◆ EXERCISE DESCRIPTION
Set down, exactly as written, the line containing "- 6 Speed, Easy" and all the lines that follow it to the end of the entries below, omitting every picture.

::::

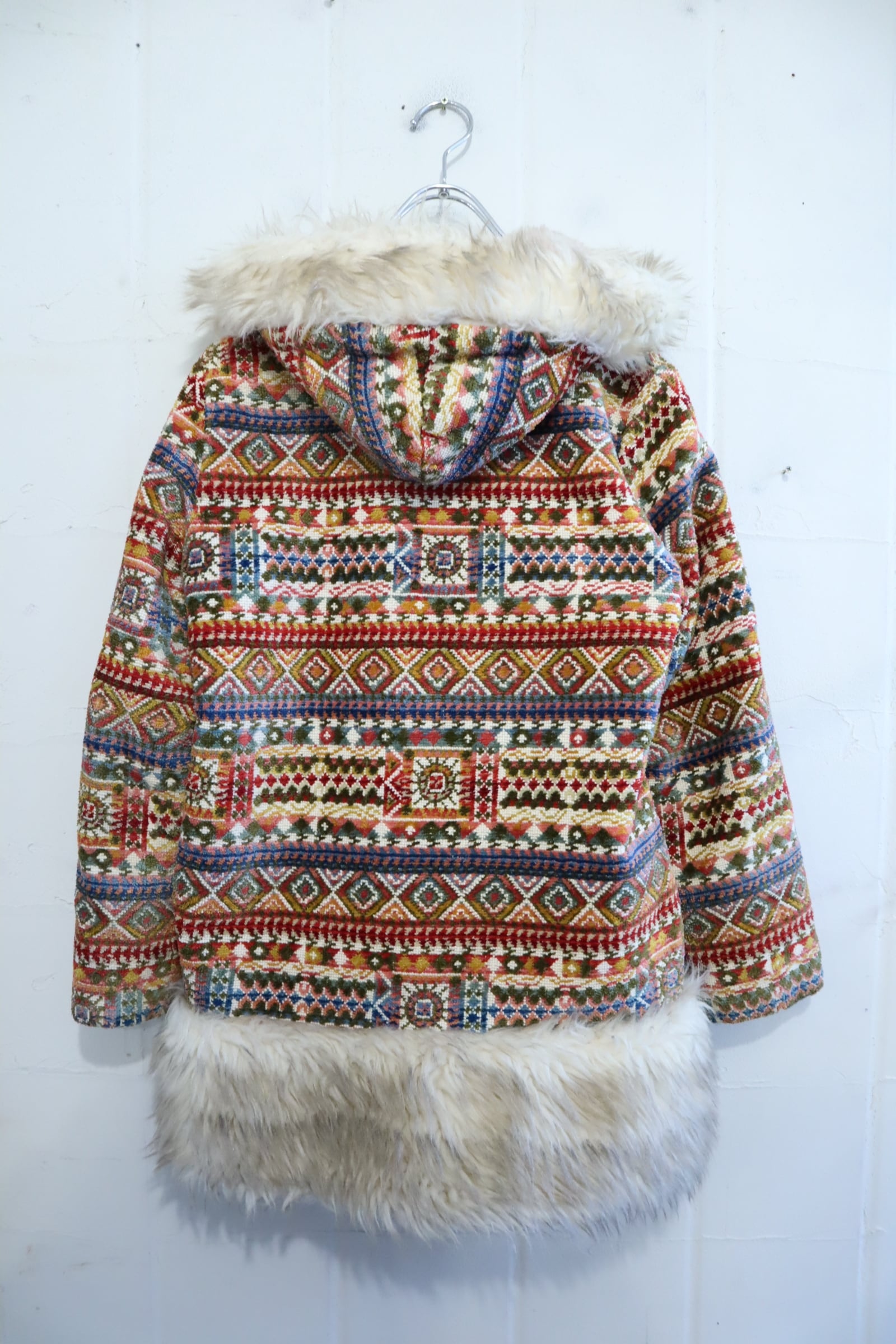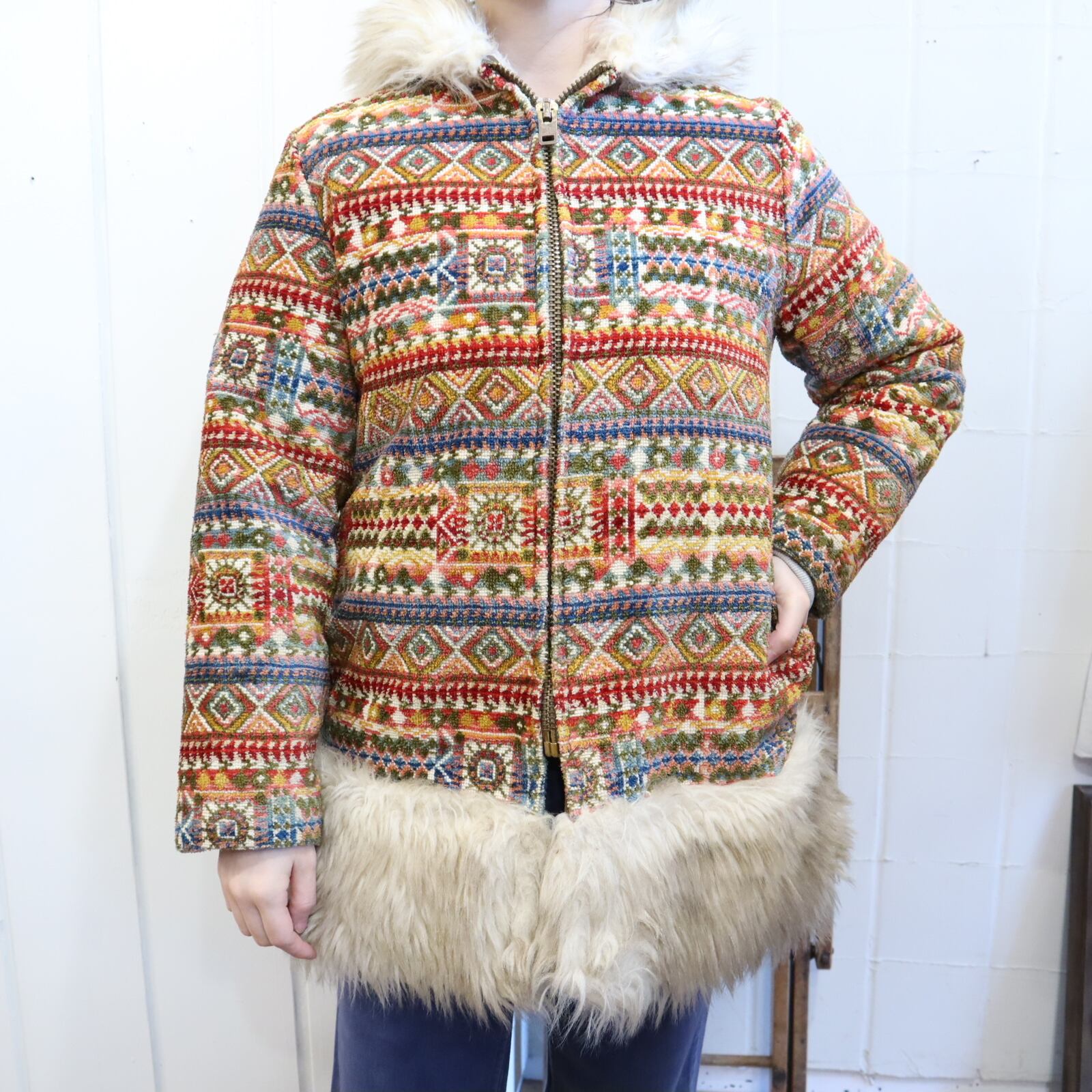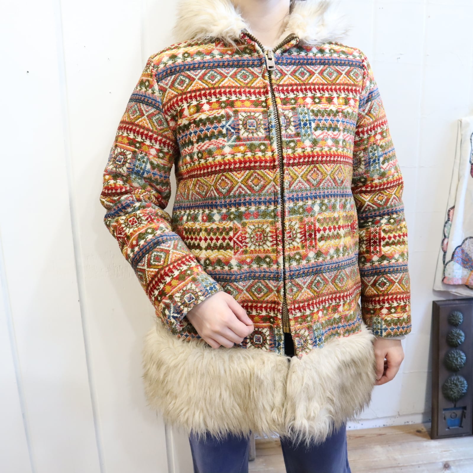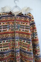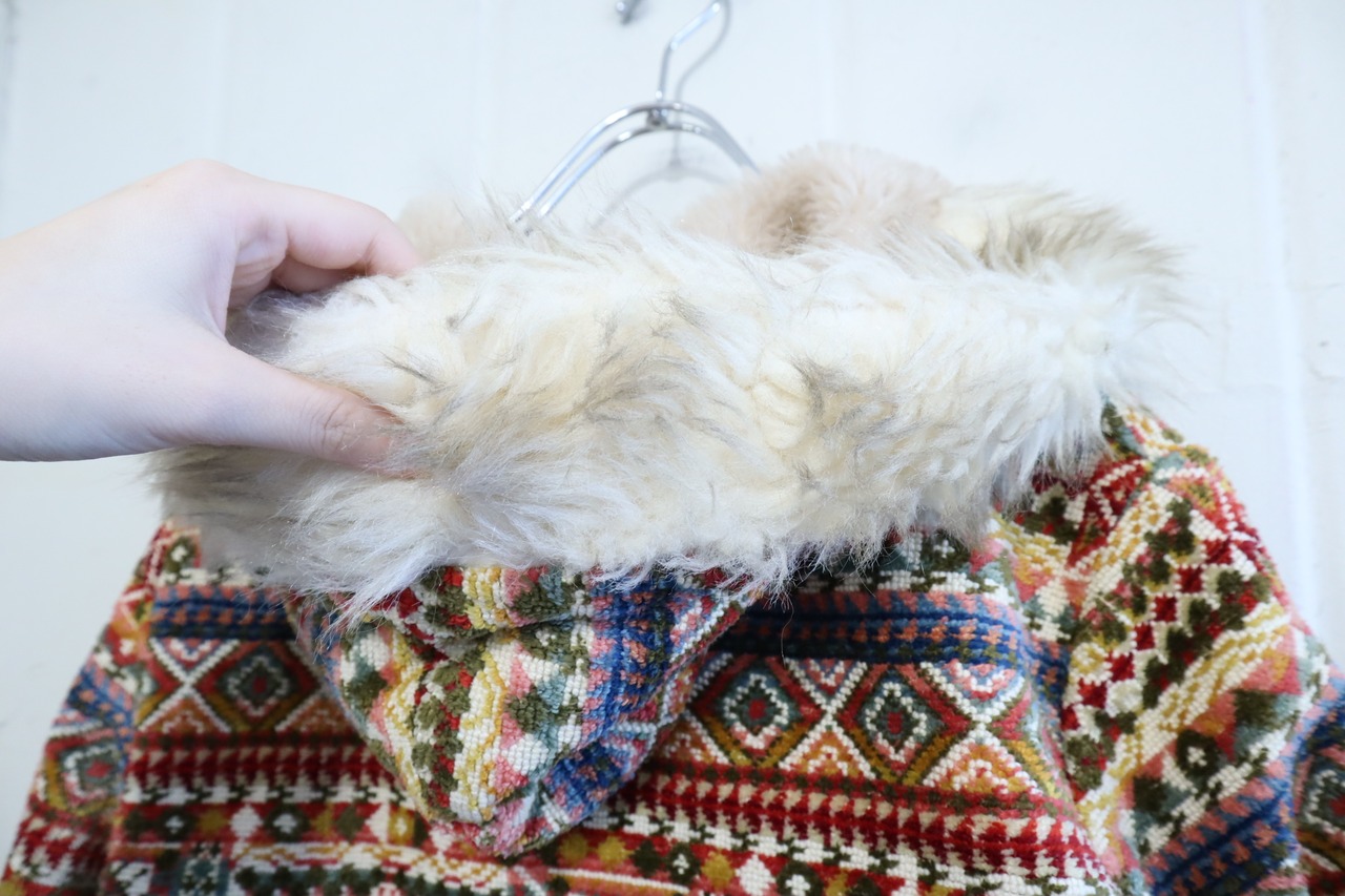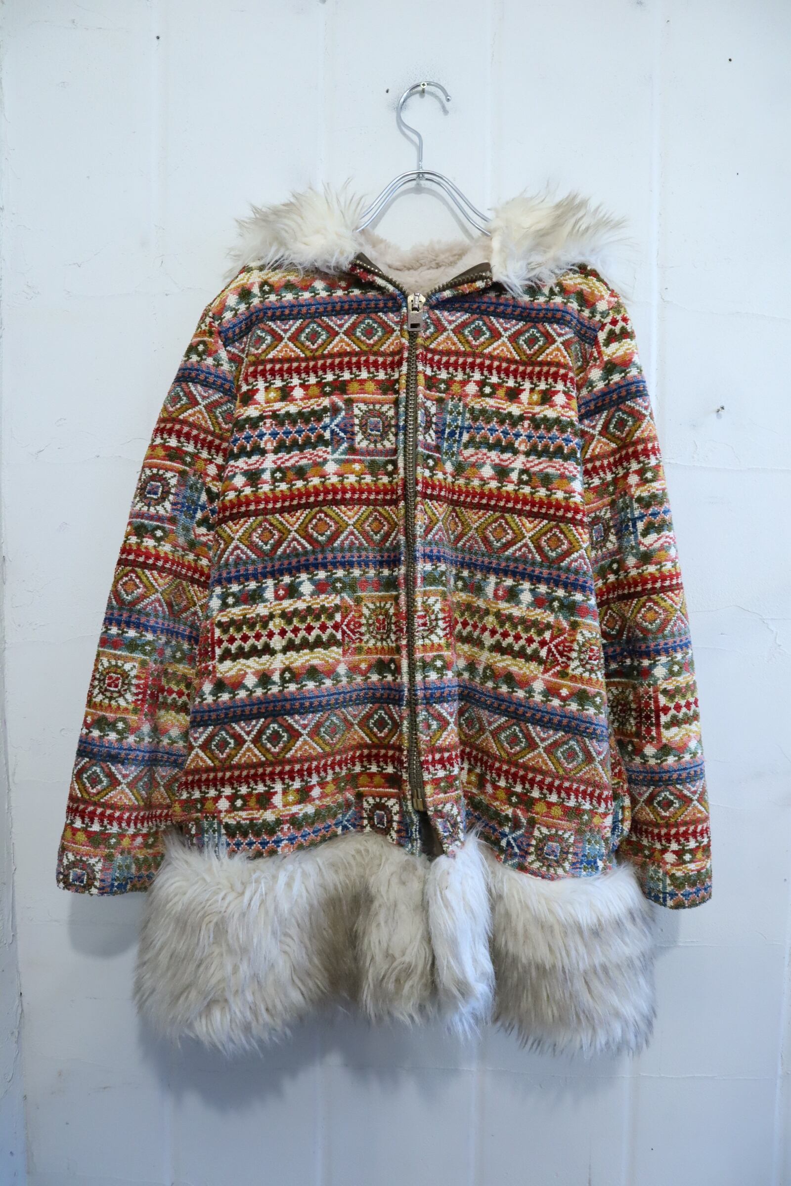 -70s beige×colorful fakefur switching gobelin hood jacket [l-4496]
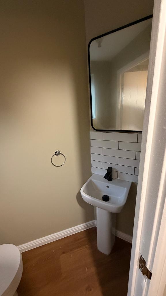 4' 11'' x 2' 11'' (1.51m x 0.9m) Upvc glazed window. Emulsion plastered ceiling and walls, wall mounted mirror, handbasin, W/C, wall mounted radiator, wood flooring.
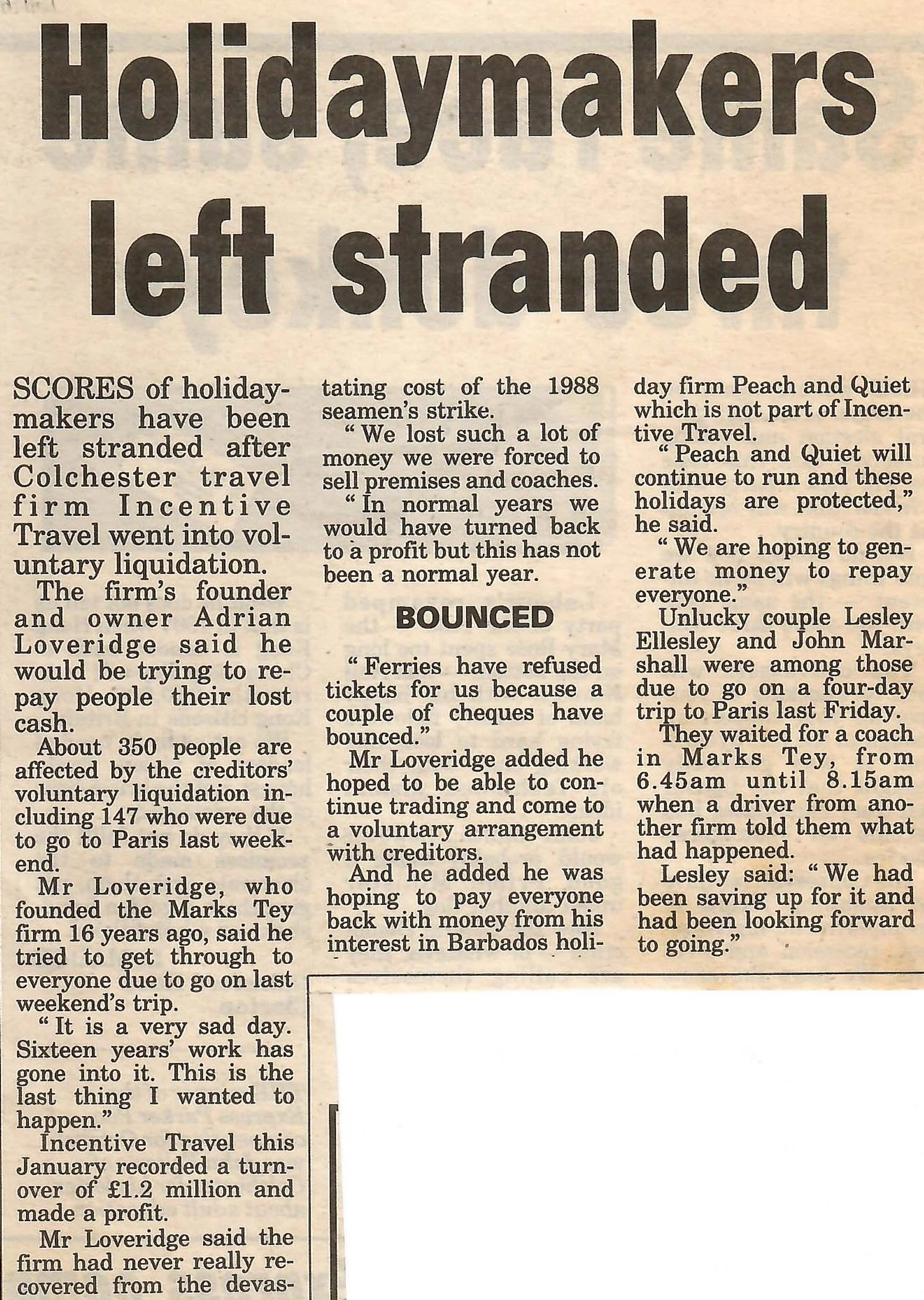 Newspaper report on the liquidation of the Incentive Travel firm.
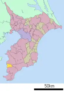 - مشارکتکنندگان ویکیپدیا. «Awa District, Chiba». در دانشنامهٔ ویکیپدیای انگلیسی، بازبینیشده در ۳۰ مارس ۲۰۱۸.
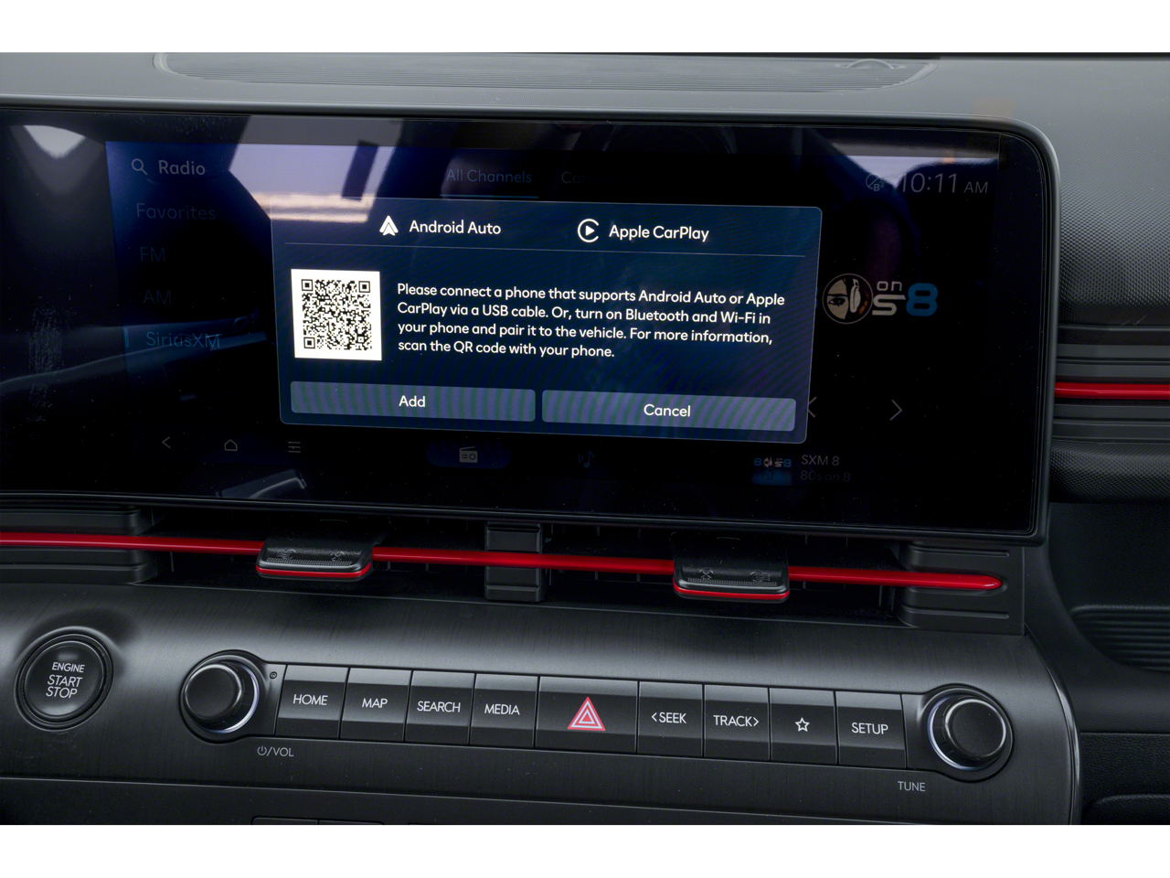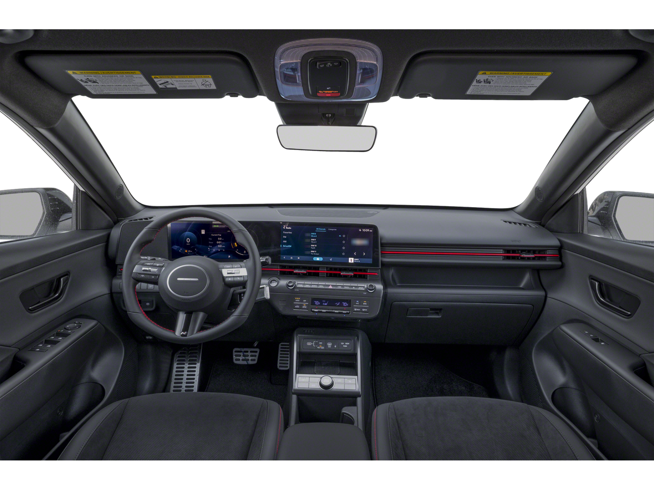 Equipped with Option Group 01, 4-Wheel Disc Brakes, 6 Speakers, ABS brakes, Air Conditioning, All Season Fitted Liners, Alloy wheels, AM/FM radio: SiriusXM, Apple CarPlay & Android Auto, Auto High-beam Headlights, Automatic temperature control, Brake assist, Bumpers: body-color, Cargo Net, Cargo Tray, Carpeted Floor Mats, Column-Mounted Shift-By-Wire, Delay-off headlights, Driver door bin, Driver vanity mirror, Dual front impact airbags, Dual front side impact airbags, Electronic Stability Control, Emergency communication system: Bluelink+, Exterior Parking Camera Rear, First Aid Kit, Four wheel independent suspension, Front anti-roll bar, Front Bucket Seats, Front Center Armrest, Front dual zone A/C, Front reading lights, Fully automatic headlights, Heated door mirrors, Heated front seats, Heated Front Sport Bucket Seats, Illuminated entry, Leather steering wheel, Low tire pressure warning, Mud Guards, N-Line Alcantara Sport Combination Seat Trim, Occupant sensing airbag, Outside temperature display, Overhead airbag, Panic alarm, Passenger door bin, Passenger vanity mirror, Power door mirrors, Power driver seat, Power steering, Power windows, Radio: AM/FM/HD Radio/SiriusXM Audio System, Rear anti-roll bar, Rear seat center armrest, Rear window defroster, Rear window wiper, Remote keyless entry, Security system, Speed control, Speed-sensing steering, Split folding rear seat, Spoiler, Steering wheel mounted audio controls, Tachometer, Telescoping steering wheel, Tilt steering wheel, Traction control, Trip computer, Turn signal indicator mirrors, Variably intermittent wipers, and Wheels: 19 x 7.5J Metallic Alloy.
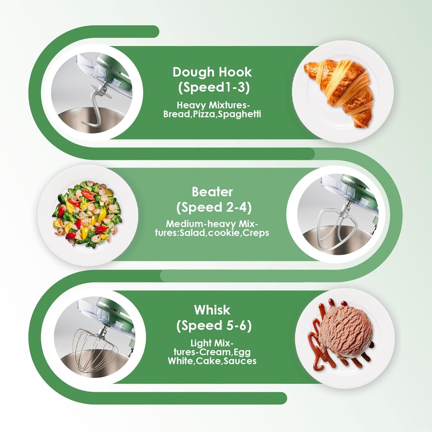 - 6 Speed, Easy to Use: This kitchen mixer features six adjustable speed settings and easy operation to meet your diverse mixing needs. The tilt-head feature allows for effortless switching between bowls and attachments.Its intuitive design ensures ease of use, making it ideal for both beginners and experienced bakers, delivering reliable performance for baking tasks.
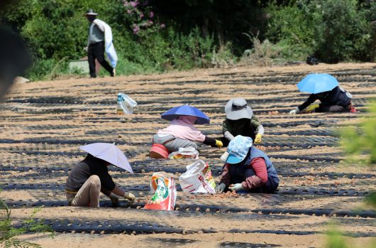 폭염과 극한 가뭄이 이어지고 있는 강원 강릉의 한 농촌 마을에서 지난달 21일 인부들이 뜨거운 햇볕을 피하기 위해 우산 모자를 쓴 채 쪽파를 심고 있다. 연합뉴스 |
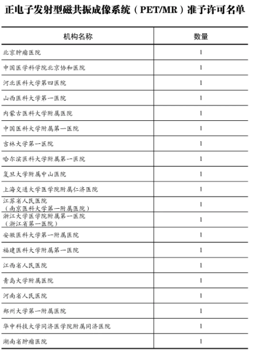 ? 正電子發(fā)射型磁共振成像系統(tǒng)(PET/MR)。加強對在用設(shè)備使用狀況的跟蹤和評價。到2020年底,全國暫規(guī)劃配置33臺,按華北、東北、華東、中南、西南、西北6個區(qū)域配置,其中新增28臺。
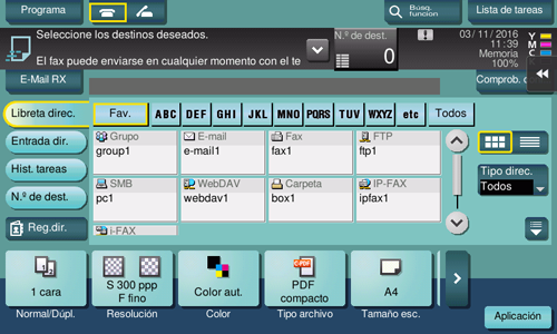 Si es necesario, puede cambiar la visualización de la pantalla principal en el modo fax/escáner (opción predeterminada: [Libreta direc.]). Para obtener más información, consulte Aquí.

::::

◆ YOUR RESPONSE
 - 6 Speed, Easy to Use: This kitchen mixer features six adjustable speed settings and easy operation to meet your diverse mixing needs. The tilt-head feature allows for effortless switching between bowls and attachments.Its intuitive design ensures ease of use, making it ideal for both beginners and experienced bakers, delivering reliable performance for baking tasks.
 폭염과 극한 가뭄이 이어지고 있는 강원 강릉의 한 농촌 마을에서 지난달 21일 인부들이 뜨거운 햇볕을 피하기 위해 우산 모자를 쓴 채 쪽파를 심고 있다. 연합뉴스 |
 ? 正電子發(fā)射型磁共振成像系統(tǒng)(PET/MR)。加強對在用設(shè)備使用狀況的跟蹤和評價。到2020年底,全國暫規(guī)劃配置33臺,按華北、東北、華東、中南、西南、西北6個區(qū)域配置,其中新增28臺。
 Si es necesario, puede cambiar la visualización de la pantalla principal en el modo fax/escáner (opción predeterminada: [Libreta direc.]). Para obtener más información, consulte Aquí.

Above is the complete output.